Euler's Formula & Euler's Identity - Proof via Taylor Series

My math teacher literally just told me to accept this identity today as it wont be covered in the course. But you flammy boi just saved my curiosity from suffering. Thank you

bendhamwatt

Okay so basically this is e^pic = cospc + isinpc

AndrewDotsonvideos

It is a very beautiful formula by Wheeler, because it combines the 4 main branches in Mathematics: Arithmetics represented by 1, Algebra represented by i, Analysis represented by e and Geometry represented by π.

patricksalhany

Papa flammy lovely derivations 😫😫 a perfect way to wake up for the day

dectorey

I'm taking calc 2 right now and we are learning about taylor series, and I just heard about this e^ipi thing today and decided to look it up.

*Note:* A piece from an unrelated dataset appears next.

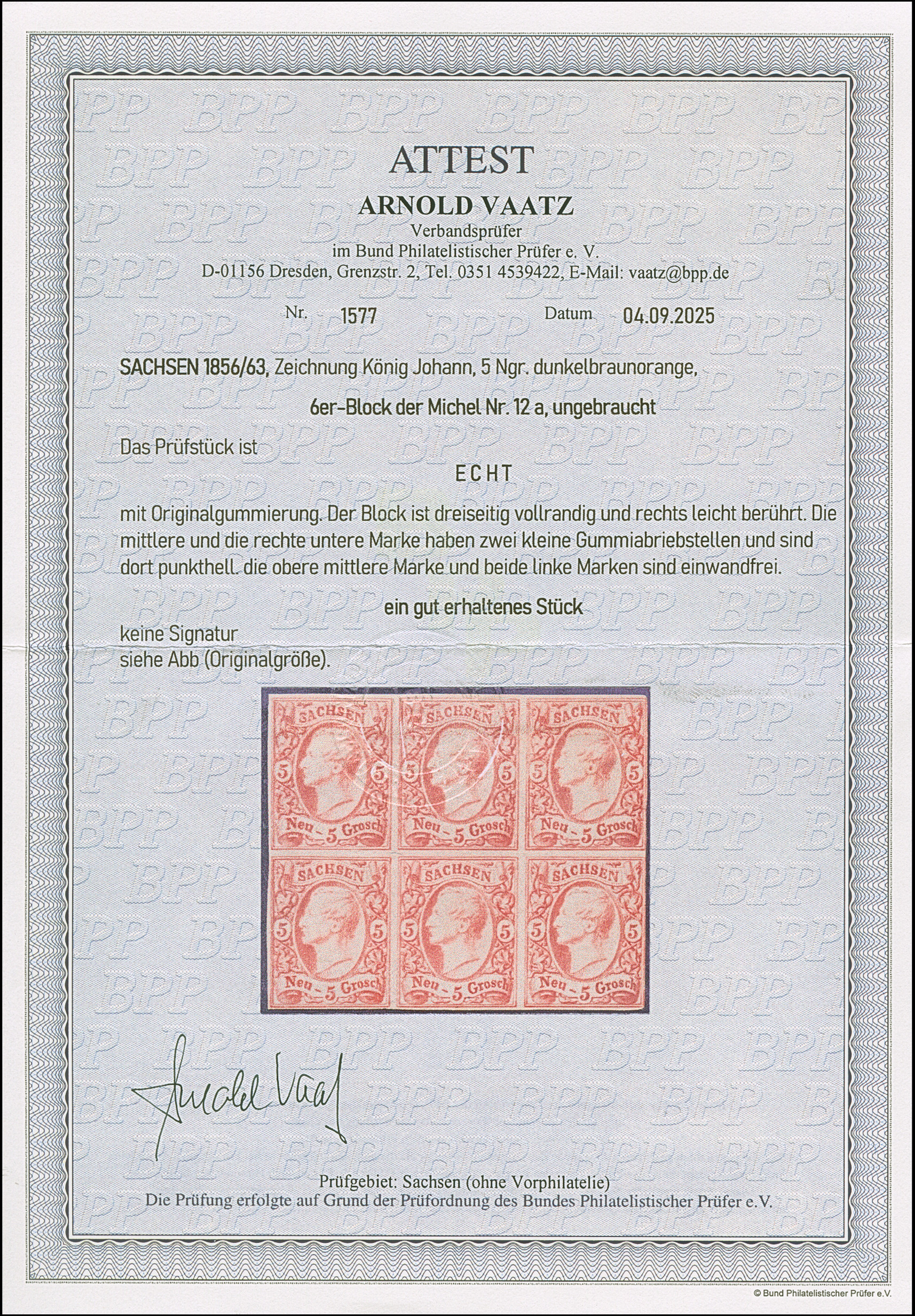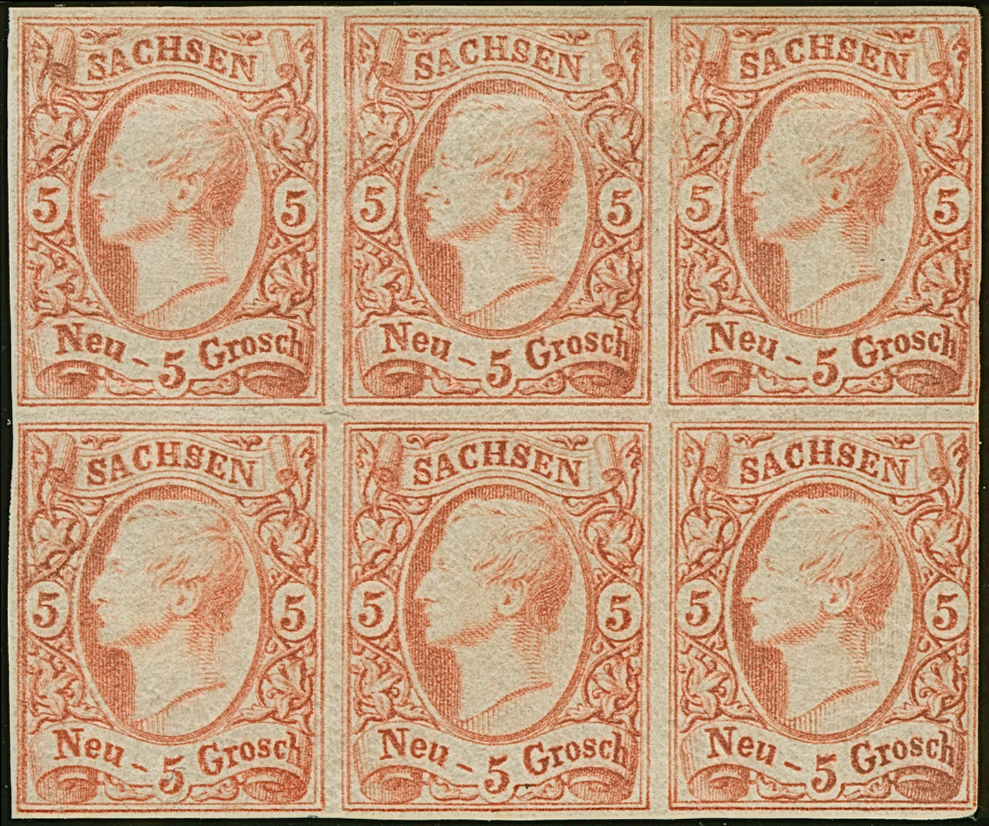 5 Ngr. ziegelrot (orangerot Nuance aus einer frühen Auflage), waagerechter 6er-Block, rechts leicht berührt, sonst voll- bis breitrandig, ungebraucht mit Originalgummi. Schöne und einwandfreie Erhaltung. (zwei im Attest erwähnte "Gummiabriebstellen" sind auch unter VSC nicht feststellbar). Fotoattest Vaatz BPP (2025)

This proof you just showed me has blown my mind greater than any other proof I've ever seen. I'm literally in awe of the implications of this formula, everything has come together in such a simple and beautiful way 😭 thanks for the video sir

blownn

Unbelievable! I was just going to attempt this proof method today as an exercise for myself.

gskartwii

Thank you. This is the starting point of the Schrödinger wave equation.

yukhyx

from flamspastic to flamtastic. short and sweet, nicely done ma boi

rbradhill

I did it a few months ago with taylor series too, i've had to learn how to use taylor polynomials before. Also it's possible to demonstrate the identity with differential equations :O

Polaris_Babylon

You can also derive the polar form of Euler's identity using the Taylor series for log and arctan, it's not quite as sexy but it's still cool.
log(a+bi)
= (1/2)log(a^2 + b^2) + log((1 + i(b/a))/sqrt(1 + (b/a)^2))
= (1/2)log(a^2 + b^2) + log(1 + i(b/a)) - (1/2)log(1+ (b/a)^2)
but
log(1 + i(b/a)) = i(b/a) - (1/2)[i(b/a)]^2 + (1/3)[i(b\a)]^3 - (1/4)[i(b/a)]^4 + etc.
= [(1/2)(b/a)^2 - (1/4)(b/a)^4 + (1/6)(b/a)^6 - etc.] + i[(b/a) - (1/3)(b/a)^3 + (1/5)(b/a)^5 - etc.]
= (1/2)log(1 + (b/a)^2) + iarctan(b/a)
thus
log(a+bi) = (1/2)log(a^2 + b^2) + iarctan(b/a)
now take the exponential
a + bi = sqrt(a^2 + b^2)e^(iarctan(b/a))

Israel..

As someone who only knows calc 2 and a bit of calc 3, this is the best explanation that makes sense for me

Shaunss

Thanks man, I finally know why this identity is true instead of blindly believing it like gospel.

eyuin

entered here just for over-delivering in my first diffeq exam and left with my mind fkn blown, that was beautiful damn

prodbytukoo

Sorry to say this Euler lovers (myself included...)
*This is Cotes' identity.*

matthewstevens

clear explanation of why this is true and why it is beautiful! short enough so I can understand the whole thing at once! Thank you!

aknighton

This has got to be my favorite proof of euler’s series, because of its elegance and simplicity

tylerfusco

I'm already struggling with Integrals in the first half of Calc 2. But now seeing series has definitely sealed my fate.

alanr

I'd like to see some rocket Science: Rocket-equation vs Ziolkovski-Equation. Showing how to put down a DE thoughtful showing the implications of not reaching orbital velocity by using only one stage. : )

saschatrumper

Random suggestion lol, but do a video on how you got passionate for maths and how it all began etc. thanks papa :)

tehflyyar

Those 4 videos together are both such beautiful math and such important math. My 15yr son is autistic and incredibly gifted in math I will get him to watch these videos :)


I love watching such beauty in number, thanks for the videos

outofthebots